(Beginning of DATA SECTION)

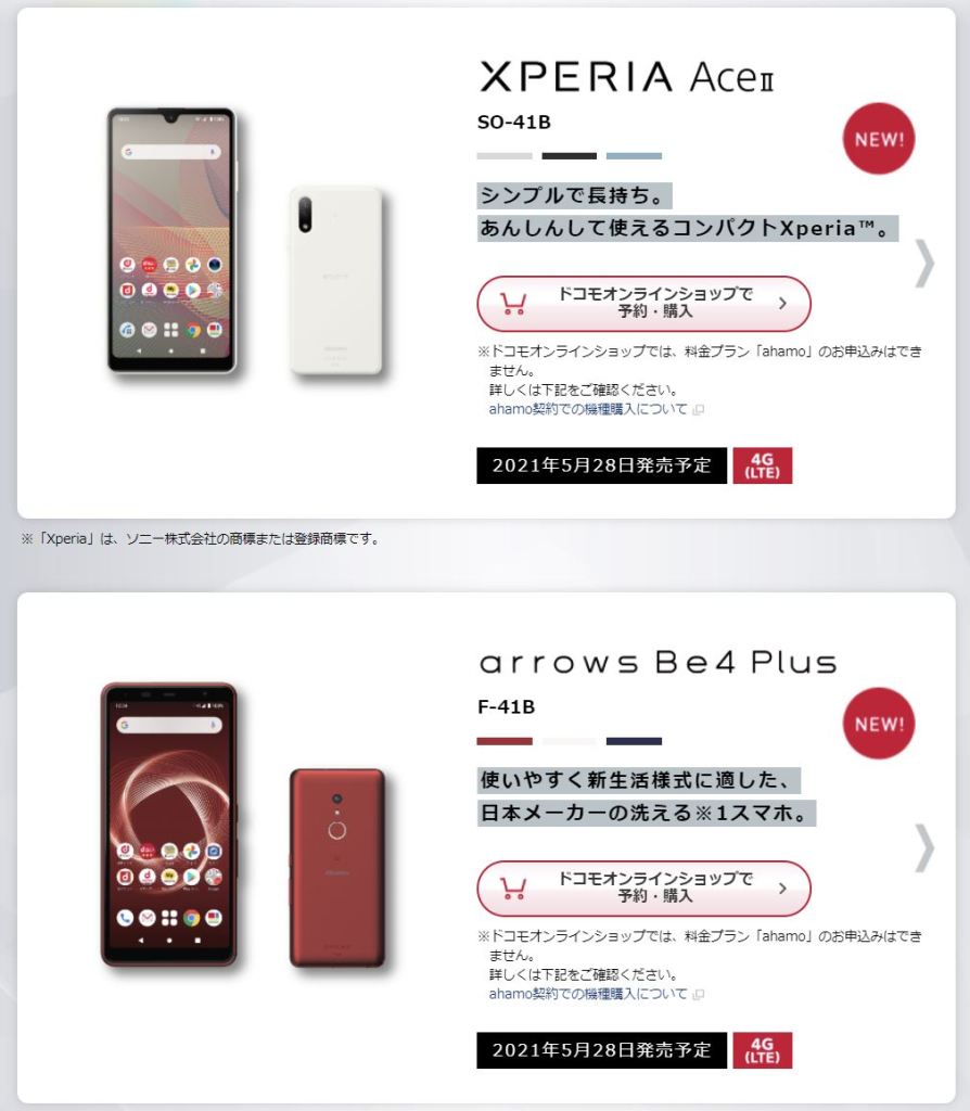 稍早日本電信商 NTT Docomo 發表了兩款 4G LTE 手機,分別為 Xperia Ace II SO-41B 與 arrows Be4 Plus F-41B,均為電信商訂製款,後續並不會提供海外販售服務,而且相關硬體配置也並非市場主流,僅適合輕度手機用戶使用,手機將於5月28日推出。
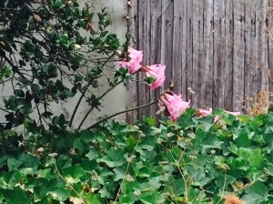 Looks can be deceiving. When dad pointed across the street my mind’s eye took in only the house. I didn’t know to look for the flower – gardener that I am I never learned the common name of the flower. So I heard him literally – naked ladies – and tried to connect dots with what I had pre-known or judged of the little cottage – concluding in that very brief moment that it just might have been a house of ill repute, housing a bunch of naughty naked ladies (these pictures to the right are not of the bed in front of the cottage my dad observed, but of blooms I spied on my morning walk in my neighborhood).
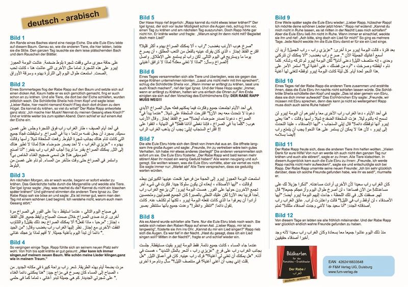 Zweisprachiges Kniebuch der Bilderbuchgeschichte "Der Rabe" in deutsch - arabisch- Bilderbuch mit Spiralbindung im DINA4 - Format (21,0 x 29,7 cm), auf festem 300g-Bilderdruck- farbig illustriert- ideal zur Sprachförderung- kompletter Text auf separater Seite zum Vorlesen in deutsch und arabisch- ideale Ergänzung zum KamishibaiDas Kniebuch ist perfekt für die Sprachförderung in der Kita oder zum Zweitspracherwerb.. Thema Streit:Eines Sommertages setzte sich ein Rabe auf einen Baum, in einem ruhigen und friedlichen Wald, und begann ständig zu krähen, so dass er alle Waldbewohner in ihrer Ruhe gestört wurden. Wie konnten sie dem Raben vermitteln, dass das Gekrächze sie störte? Doch die schlaue Eule Ebru wusste einen Rat...NEU - Jetzt auch als KAMISHIBAI erhältlich!Alle Kamishibais und Kniebücher sind in 27 verschiedenen Sprachen erhältlich:
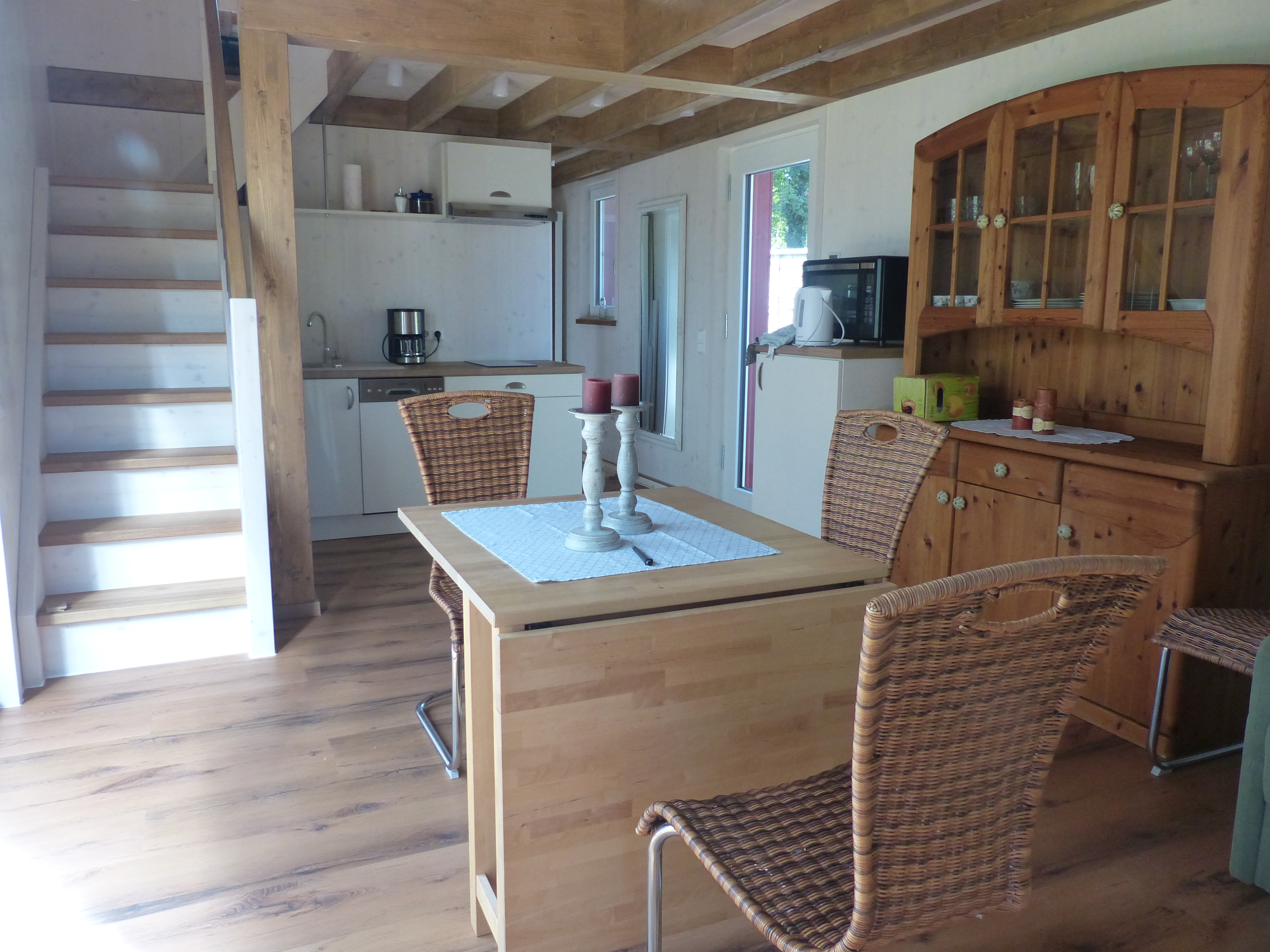 Unser Ferienhaus besteht aus einem offenen Ess- Wohnzimmerbereich, mit Dauerschlafsofa, Smart TV, Esszimmertisch und vier Stühlen, sowie einer kleinen Küche mit einer Ausstattung für den täglichen Gebrauch.
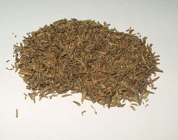 Тимья́н (чабрец) — пряность, обладающая сильным приятным ароматом и острым пряным вкусом, по аромату напоминает тмин и анис[1]. В качестве специи используют свежие или сушёные ароматные листья тимьяна обыкновенного.
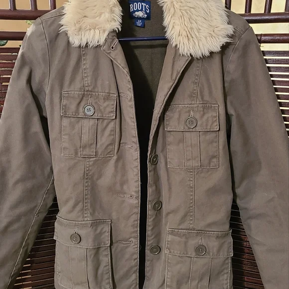 Canvas style fun fur collar jacket. Light lining. Great for fall or spring. Great condition. Seldom worn.
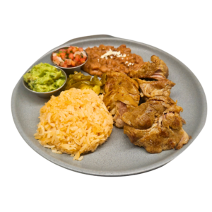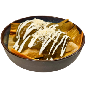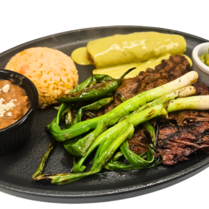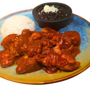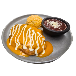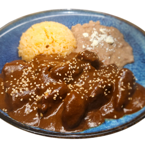 Soft corn tortillas filled with shredded chicken finished with Mole sauce, fresh cheese, sour cream, rice, pinto beans. Sauce contains,…
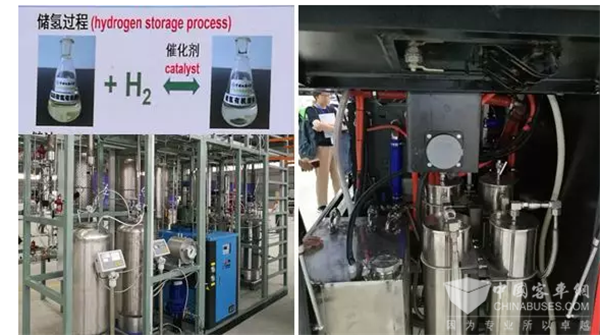 液體有機儲氫材料最大的特點就是常溫下為液態(tài),能夠十分方便地運輸和儲存。整個使用過程中完全通過熱交換降低能耗,且沒有溫室氣體排放,安全保障。其中,武漢氫陽研發(fā)了一種稠雜環(huán)有機分子作為有機液體儲氫材料,儲氫高達58g/L,不存在副產(chǎn)物,可逆性好,并可在常溫常壓下利用管道、槽罐車等運輸。該有機液體儲氫材料已經(jīng)投入應用。圖為武漢氫陽有機液體儲氫。
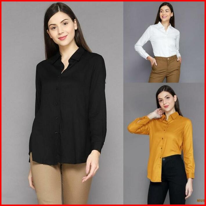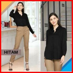 Kemeja Wanita Katun Rayon Twill Putih Hitam Casual Mewah Variasi
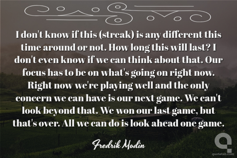 I don't know if this (streak) is any different this time around or not. How long this will last? I don't even know if we can think about that. Our focus has to be on what's going on right now. Right now we're playing well and the only concern we can have is our next game. We can't look beyond that. We won our last game, but that's over. All we can do is look ahead one game.

(End of DATA SECTION)

**ASSIGNMENT:**
No picture is to be printed. Output exactly the lines above from the line containing "Zweisprachiges Kniebuch der" through the line containing "Kemeja Wanita Katun".

**FINISHED TASK:**
 Zweisprachiges Kniebuch der Bilderbuchgeschichte "Der Rabe" in deutsch - arabisch- Bilderbuch mit Spiralbindung im DINA4 - Format (21,0 x 29,7 cm), auf festem 300g-Bilderdruck- farbig illustriert- ideal zur Sprachförderung- kompletter Text auf separater Seite zum Vorlesen in deutsch und arabisch- ideale Ergänzung zum KamishibaiDas Kniebuch ist perfekt für die Sprachförderung in der Kita oder zum Zweitspracherwerb.. Thema Streit:Eines Sommertages setzte sich ein Rabe auf einen Baum, in einem ruhigen und friedlichen Wald, und begann ständig zu krähen, so dass er alle Waldbewohner in ihrer Ruhe gestört wurden. Wie konnten sie dem Raben vermitteln, dass das Gekrächze sie störte? Doch die schlaue Eule Ebru wusste einen Rat...NEU - Jetzt auch als KAMISHIBAI erhältlich!Alle Kamishibais und Kniebücher sind in 27 verschiedenen Sprachen erhältlich:
 Unser Ferienhaus besteht aus einem offenen Ess- Wohnzimmerbereich, mit Dauerschlafsofa, Smart TV, Esszimmertisch und vier Stühlen, sowie einer kleinen Küche mit einer Ausstattung für den täglichen Gebrauch.
 Тимья́н (чабрец) — пряность, обладающая сильным приятным ароматом и острым пряным вкусом, по аромату напоминает тмин и анис[1]. В качестве специи используют свежие или сушёные ароматные листья тимьяна обыкновенного.
 Canvas style fun fur collar jacket. Light lining. Great for fall or spring. Great condition. Seldom worn.
 Soft corn tortillas filled with shredded chicken finished with Mole sauce, fresh cheese, sour cream, rice, pinto beans. Sauce contains,…
 液體有機儲氫材料最大的特點就是常溫下為液態(tài),能夠十分方便地運輸和儲存。整個使用過程中完全通過熱交換降低能耗,且沒有溫室氣體排放,安全保障。其中,武漢氫陽研發(fā)了一種稠雜環(huán)有機分子作為有機液體儲氫材料,儲氫高達58g/L,不存在副產(chǎn)物,可逆性好,并可在常溫常壓下利用管道、槽罐車等運輸。該有機液體儲氫材料已經(jīng)投入應用。圖為武漢氫陽有機液體儲氫。
 Kemeja Wanita Katun Rayon Twill Putih Hitam Casual Mewah Variasi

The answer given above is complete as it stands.